DIRECTIONS FOR THIS TASK
Excluding pictures, retype exactly the lines from the one with "Right-on/ライトオン BACK NUMBER" through the end of the records that follow.

Stored dataset items

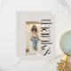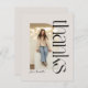 Bold e moderno, esta graduação de uma foto, obrigado, é a maneira perfeita de mostrar sua apreciação por presentes e apoio na graduação. Apresentando uma foto arquivada na frente, um ousado e moderno "obrigados" e um script de assinatura personalizado, este design também tem espaço no verso para uma mensagem digitada ou pode ser deixado como vazio para o formando escrever manualmente notas personalizadas de agradecimento. Este design de cartões de agradecimentos de graduação é parte de uma coleção de Lea Delaveris Design, onde você pode encontrar a coordenação de anúncios de graduação, convites e suprimentos de festa de formatura e mais cores e estilos.
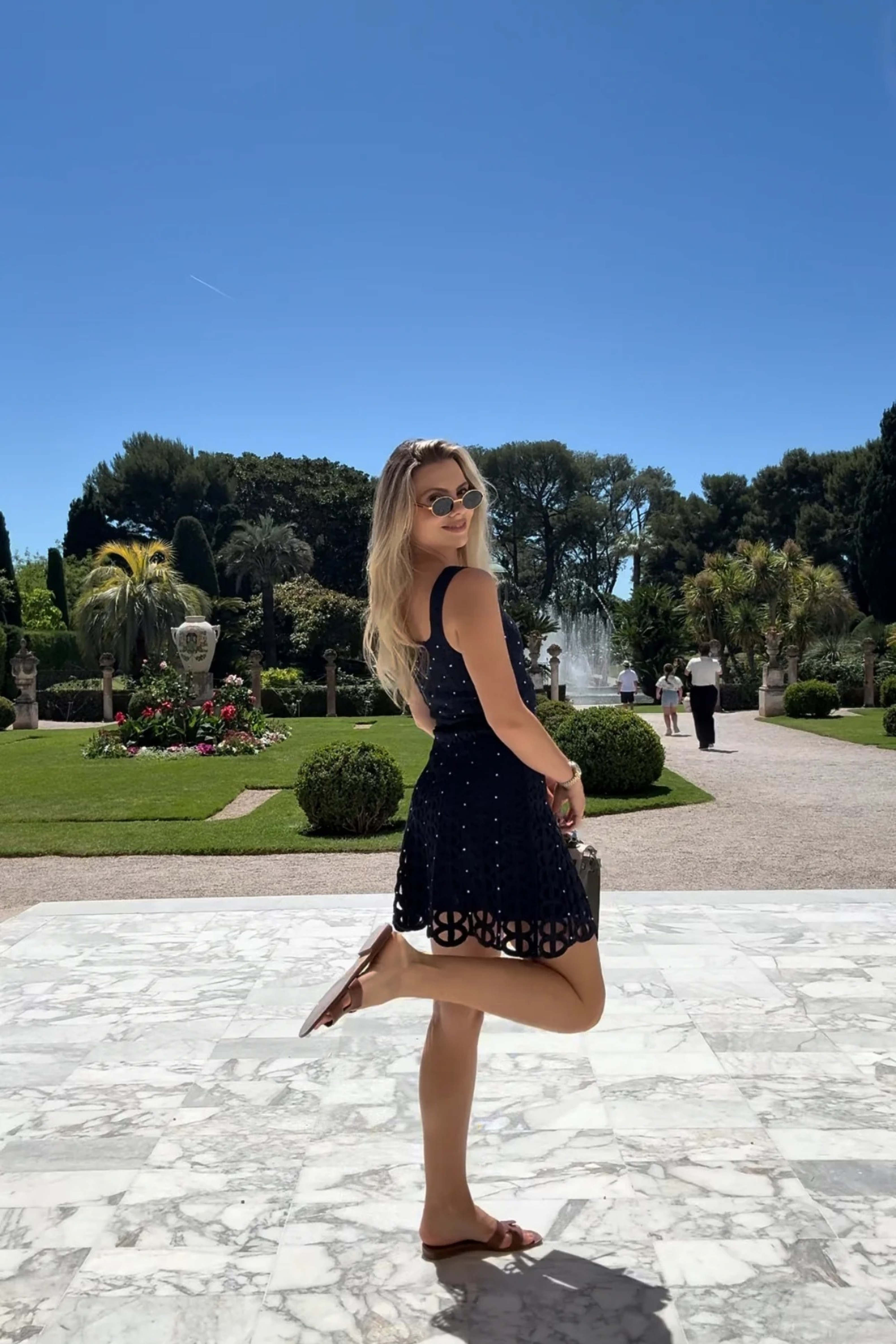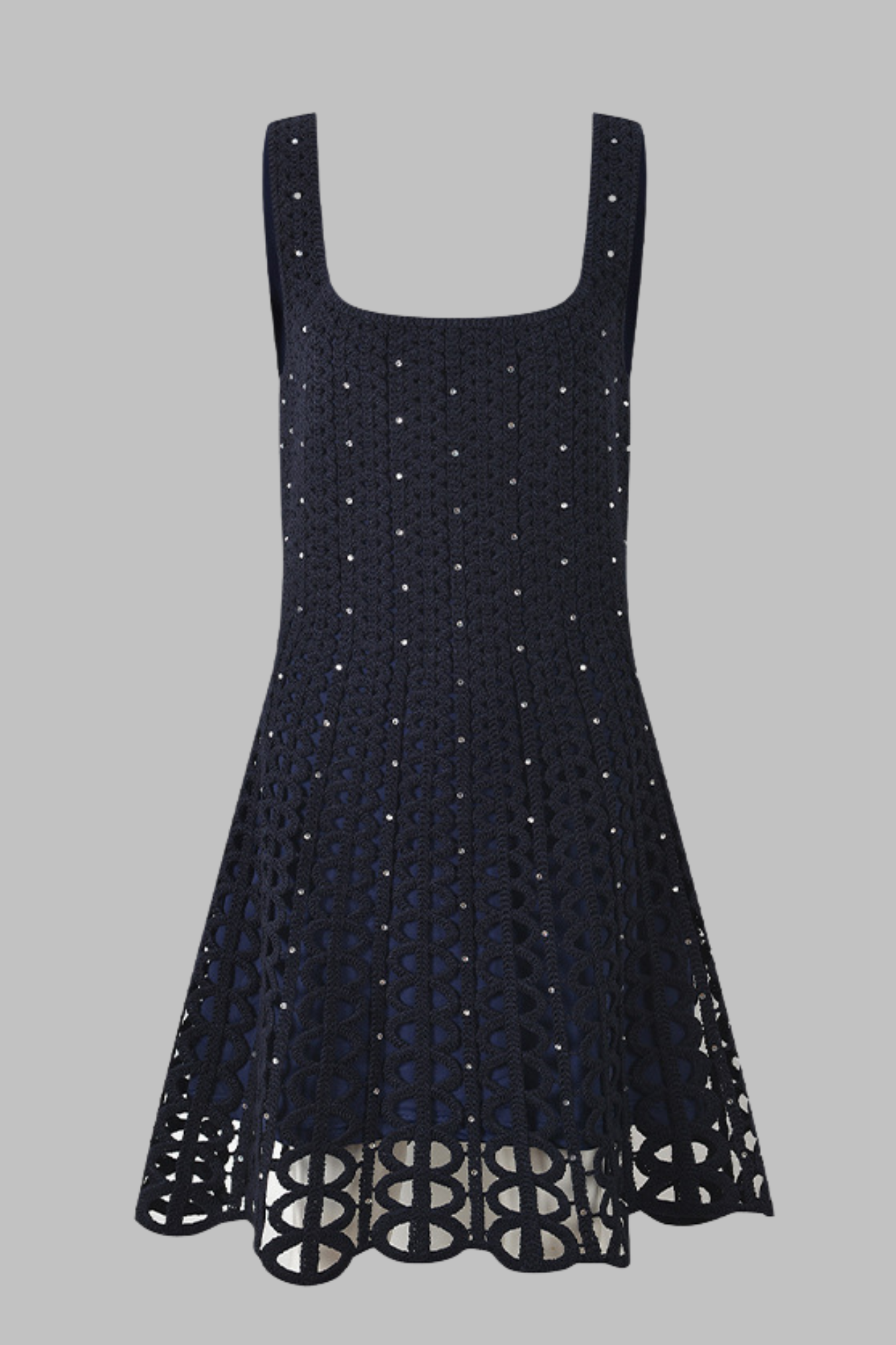 Step into timeless sophistication with the Midnight Elegance Beaded Hollow Knit Mini Dress. Crafted from intricate navy crochet knit, this piece features a delicate all-over hollow pattern adorned with shimmering crystal beads that catch the light with every movement. The flattering square neckline and sleeveless cut enhance the feminine silhouette, while the soft inner lining ensures comfort without compromising the airy, textured design. Perfect for evening soirées or special occasions, this dress blends modern charm with artisanal craftsmanship, making it a standout addition to your wardrobe.
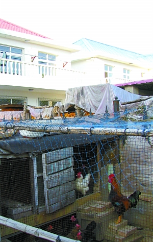 10月14日,河北永清縣董家務(wù)村新民居樓內(nèi),有村民在院里飼養(yǎng)家禽。
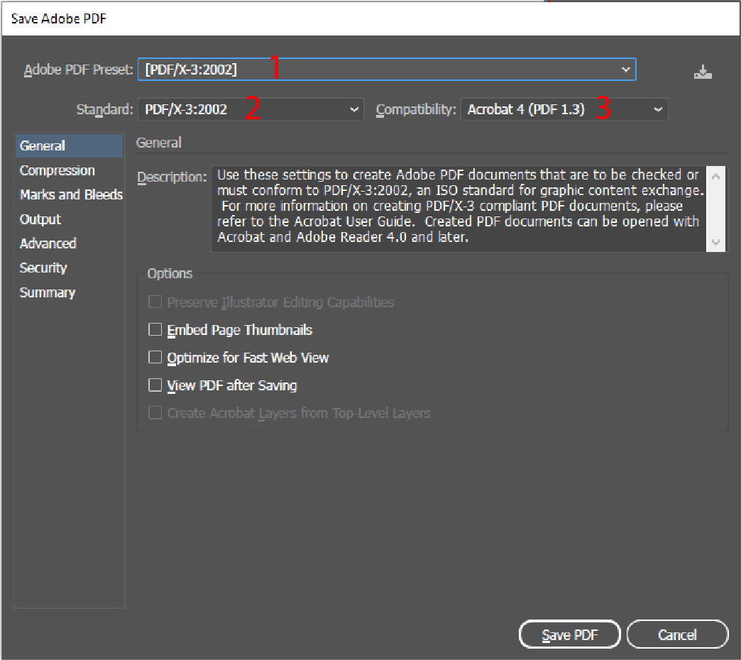 Vælg “PDF/X-3:2002” som Adobe PDF-forudindstillingen (1) og indstil “PDF/X-3:2002” (2) under Standard og “PDF 1.3” under Kompatibilitet (3).
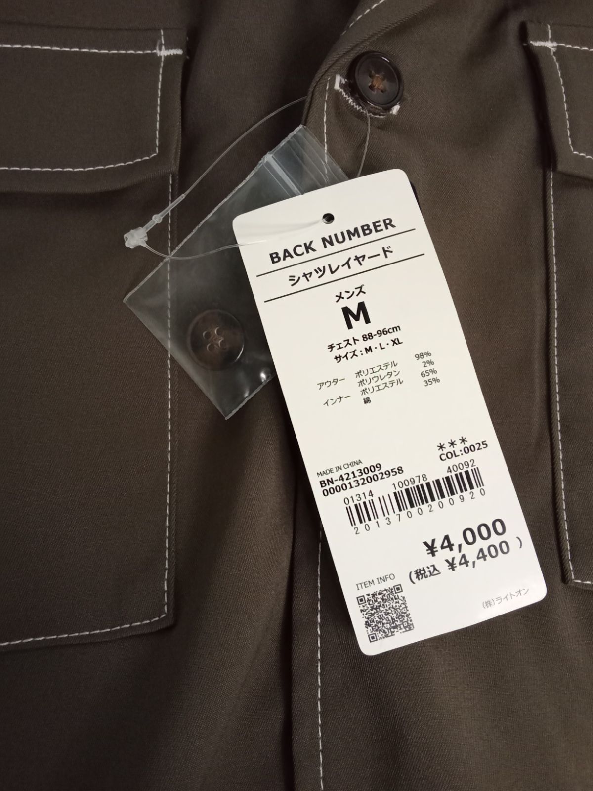Right-on/ライトオン BACK NUMBER シャツレイヤード アンサンブル サイズM タグ付き【新品】
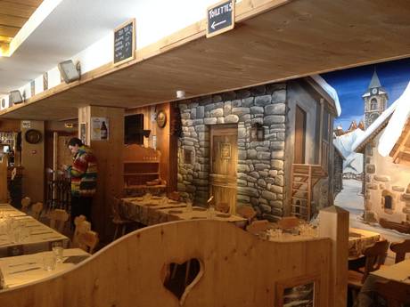 Freshly renovated restaurant with rustic chic in the Galerie Charvin of Le Corbier, accessible from the apartments via the station's endless corridors without getting your feet wet. Wide selection of specialties and wines, friendly service.

SOLVED EXERCISE
Right-on/ライトオン BACK NUMBER シャツレイヤード アンサンブル サイズM タグ付き【新品】
 Freshly renovated restaurant with rustic chic in the Galerie Charvin of Le Corbier, accessible from the apartments via the station's endless corridors without getting your feet wet. Wide selection of specialties and wines, friendly service.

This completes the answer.